The answer is the exact run of lines in the listing below from the line containing "Intenson Witamina D3" up to and including the line containing "1,2 Navy, Silver and Gold 16PSC Balloon Set", with pictures removed.

Exercise inputs
- - - - - - -

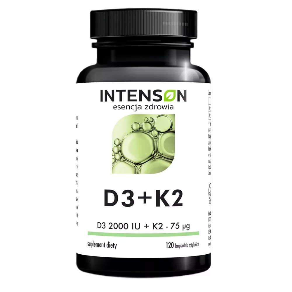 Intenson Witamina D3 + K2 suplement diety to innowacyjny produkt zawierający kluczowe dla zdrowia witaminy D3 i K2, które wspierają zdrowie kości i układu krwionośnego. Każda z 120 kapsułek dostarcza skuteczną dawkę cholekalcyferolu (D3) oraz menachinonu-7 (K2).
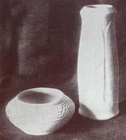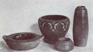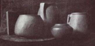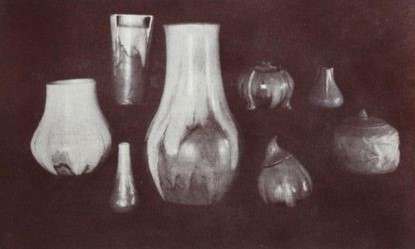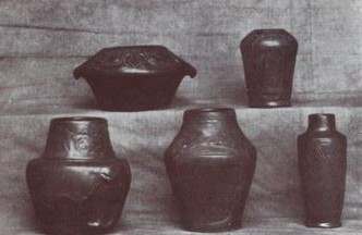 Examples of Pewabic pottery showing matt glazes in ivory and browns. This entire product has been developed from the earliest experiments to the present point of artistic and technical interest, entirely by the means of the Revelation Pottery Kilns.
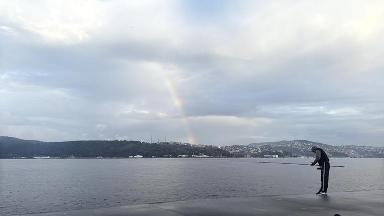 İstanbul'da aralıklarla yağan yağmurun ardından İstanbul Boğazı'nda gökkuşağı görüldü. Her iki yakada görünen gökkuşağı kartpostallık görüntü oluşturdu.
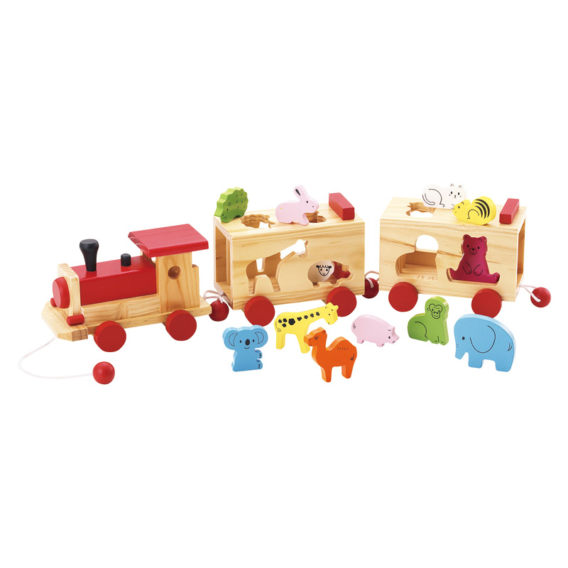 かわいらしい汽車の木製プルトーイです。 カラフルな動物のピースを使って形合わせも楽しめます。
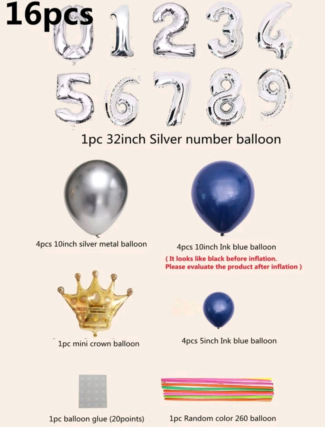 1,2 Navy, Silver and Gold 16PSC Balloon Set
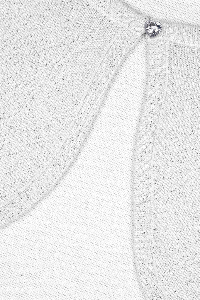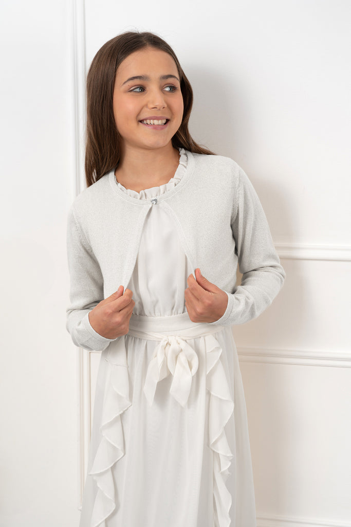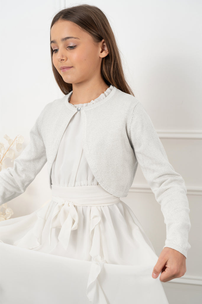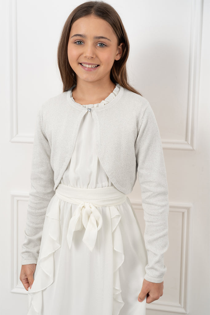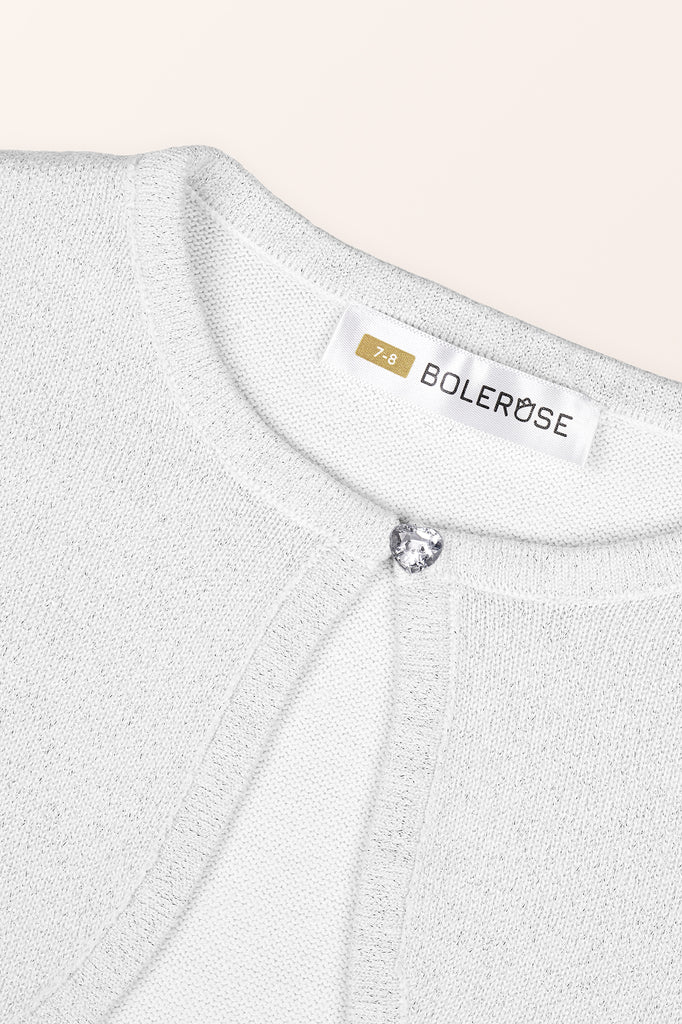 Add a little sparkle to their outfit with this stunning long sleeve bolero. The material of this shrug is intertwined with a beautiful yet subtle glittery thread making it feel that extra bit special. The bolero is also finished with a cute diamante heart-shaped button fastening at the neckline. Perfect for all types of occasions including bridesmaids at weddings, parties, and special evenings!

- - - - - - -

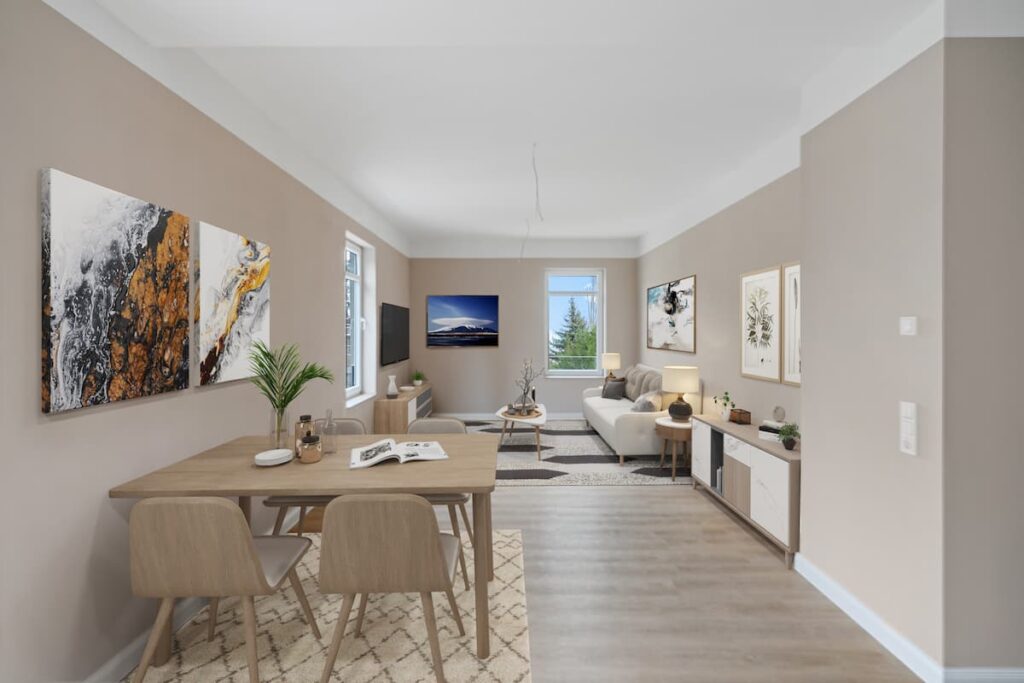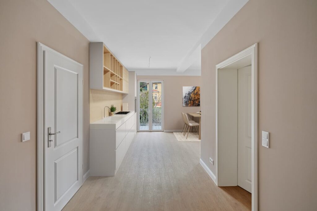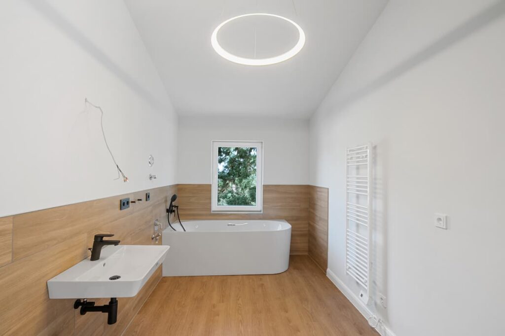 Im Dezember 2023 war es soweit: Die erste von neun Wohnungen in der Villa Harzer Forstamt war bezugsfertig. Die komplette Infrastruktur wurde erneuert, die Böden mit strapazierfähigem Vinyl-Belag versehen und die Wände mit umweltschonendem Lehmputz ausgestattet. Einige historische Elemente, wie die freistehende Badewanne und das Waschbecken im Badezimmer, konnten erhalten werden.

- - - - - - -

Result of this exercise
 Intenson Witamina D3 + K2 suplement diety to innowacyjny produkt zawierający kluczowe dla zdrowia witaminy D3 i K2, które wspierają zdrowie kości i układu krwionośnego. Każda z 120 kapsułek dostarcza skuteczną dawkę cholekalcyferolu (D3) oraz menachinonu-7 (K2).
 Examples of Pewabic pottery showing matt glazes in ivory and browns. This entire product has been developed from the earliest experiments to the present point of artistic and technical interest, entirely by the means of the Revelation Pottery Kilns.
 İstanbul'da aralıklarla yağan yağmurun ardından İstanbul Boğazı'nda gökkuşağı görüldü. Her iki yakada görünen gökkuşağı kartpostallık görüntü oluşturdu.
 かわいらしい汽車の木製プルトーイです。 カラフルな動物のピースを使って形合わせも楽しめます。
 1,2 Navy, Silver and Gold 16PSC Balloon Set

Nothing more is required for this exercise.